Tuesday 1 October 1667

All the morning busy at the office, pleased mightily with my girle that we have got to wait on my wife. At noon dined with Sir G. Carteret and the rest of our officers at his house in Broad Street, they being there upon his accounts. After dinner took coach and to my wife, who was gone before into the Strand, there to buy a nightgown, where I found her in a shop with her pretty girle, and having bought it away home, and I thence to Sir G. Carteret’s again, and so took coach alone, it now being almost night, to White Hall, and there in the Boarded- gallery did hear the musick with which the King is presented this night by Monsieur Grebus, the master of his musick; both instrumentall — I think twenty-four violins — and vocall; an English song upon Peace. But, God forgive me! I never was so little pleased with a concert of musick in my life. The manner of setting of words and repeating them out of order, and that with a number of voices, makes me sick, the whole design of vocall musick being lost by it. Here was a great press of people; but I did not see many pleased with it, only the instrumental musick he had brought by practice to play very just. So thence late in the dark round by the wall home by coach, and there to sing and sup with my wife, and look upon our pretty girle, and so to bed.

12 Annotations

Michael Robinson   Link to this

" ... I think twenty-four violins ..."

Another direct imitation of French practice in Charles II's household and court:
http://en.wikipedia.org/wiki/Les_Vingt-quatre_V...

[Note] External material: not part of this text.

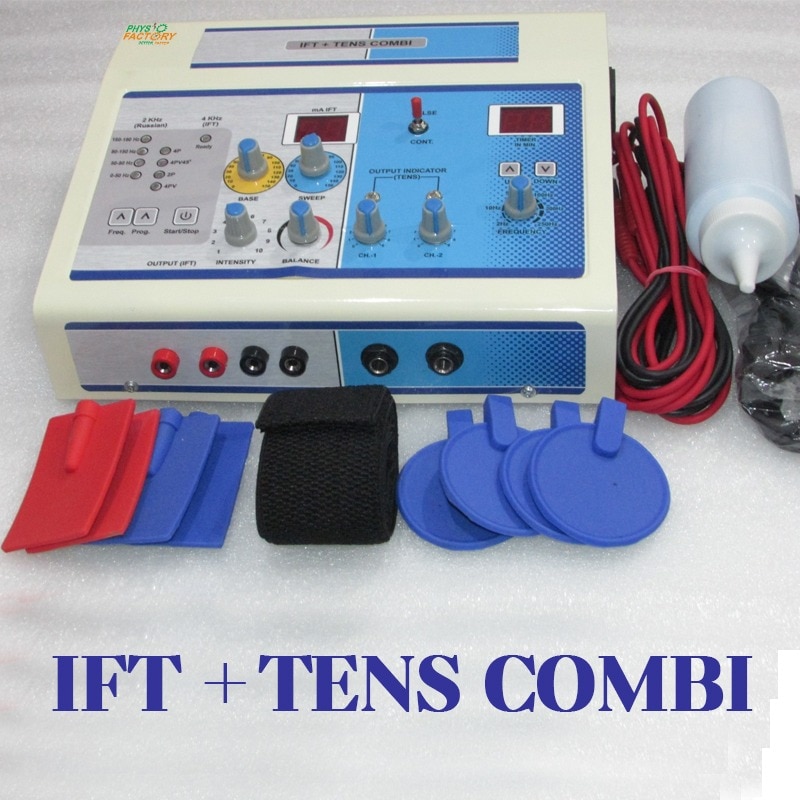 Dual-channel IFT + TENS combo machine designed for clinical physiotherapy use. Ideal for pain relief, muscle stimulation, and rehabilitation therapy with advanced features and accessories. This IFT + TENS Combi Machine by Physio Factory is a professional-grade physiotherapy device that combines Interferential Therapy (IFT) and Transcutaneous Electrical Nerve Stimulation (TENS) in one unit. Designed to treat muscle pain, joint disorders, sciatica, arthritis, cervical, and back pain, the machine offers independent controls for IFT and TENS functions. Its user-friendly interface, adjustable intensity, frequency modes, and included accessories make it ideal for clinics, hospitals, and home physiotherapy use. ⭐ Key Features: Dual-mode operation: IFT & TENS Independent channel intensity control Frequency modulation and base/sweep time settings Digital timer & pulse width control Comes with pads, straps, wires, and gel bottle Heavy-duty design for continuous use ⚙️ Specifications: Type: IFT + TENS Combi Unit Modes: IFT, TENS Display: LED Digital

Robert Gertz   Link to this

'...there to sing and sup with my wife, and look upon our pretty girle..." Sam with his new doll.

cum salis grano   Link to this

the second seven year itch????

Spin2Win   Link to this

"Those kids and their new musick! How can anyone listen to that noise?"

Timeless.

Robert Gertz   Link to this

Charles beaming...

"And now...Right here on our stage...The Grebus!!!"

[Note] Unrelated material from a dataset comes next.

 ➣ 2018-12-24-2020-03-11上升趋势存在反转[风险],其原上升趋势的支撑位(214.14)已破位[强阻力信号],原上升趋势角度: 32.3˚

Screams as curtains part to reveal Monsieur Grebus and his musicians and vocalists...Ladies-in Waiting jumping up...

Frowning Sam in audience...Can't see, can't hear a word...Screaming young woman just elbowed me in the gut when I made a move.

"Madames and Monsieurs...Ladies and Gentlemen...My variations on a English song for Peace..." Grebus bows...The musicians rising... "The Rite of Peace..."

Blare of sound...

classicist   Link to this

'The manner of setting words . . . out of order. . .and that with a number of voices, makes me sick, the whole design of vocall musick being lost by it.' Is he old-fashioned or new-fangled? Thomas Tallis's 40-part 'Spem in Alium' was hot stuff nearly a century before.

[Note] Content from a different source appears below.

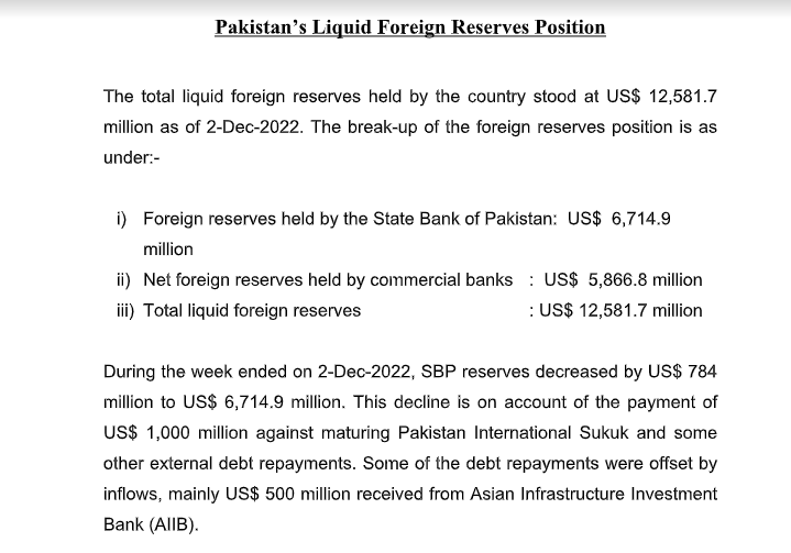 On Dec 2, 2022, the central bank has paid back $1 billion Sukuk bonds as a result of which the reserves have fallen to dangerous level even after receiving $500 million from the Asian Infrastructure Investment Bank.

highheeledhistorian   Link to this

Love his reaction to the concert, speaks across the generations, does it not?!
"to sing and sup with my wife, and look upon our pretty girle, and so to bed" Things haven't changed here either.
Utterly timeless, yet so archaic.

Best wishes.

Don O'Shea   Link to this

Meant to post this site on London maps today, but was catching up on entries and posted it yesterday. Here's the URL: (http://www.tuaw.com/2010/10/01/first-look-time-...)

Claire   Link to this

New Musick? Remember J.S.Bach & Boy George Handel are just 17 years old in 1667.

Robert Gertz   Link to this

I'm afraid of these wunderkin, neither Handel nor Bach are born yet. (both 1685). But it sure would be nice for Sam if they had been. Imagine the delight he'd've taken to have been there long enough to hear them get under way.

On the other hand he might have fumed at these young radicals in music, but I don't think so.

Claire   Link to this

Thanks Robert. My face is red...don't know why I had it in mind that they were born 1650. *chagrined*

nix   Link to this

"The manner of setting of words and repeating them out of order, and that with a number of voices, makes me sick" --

He could be quoting my wife after some of my choral concerts.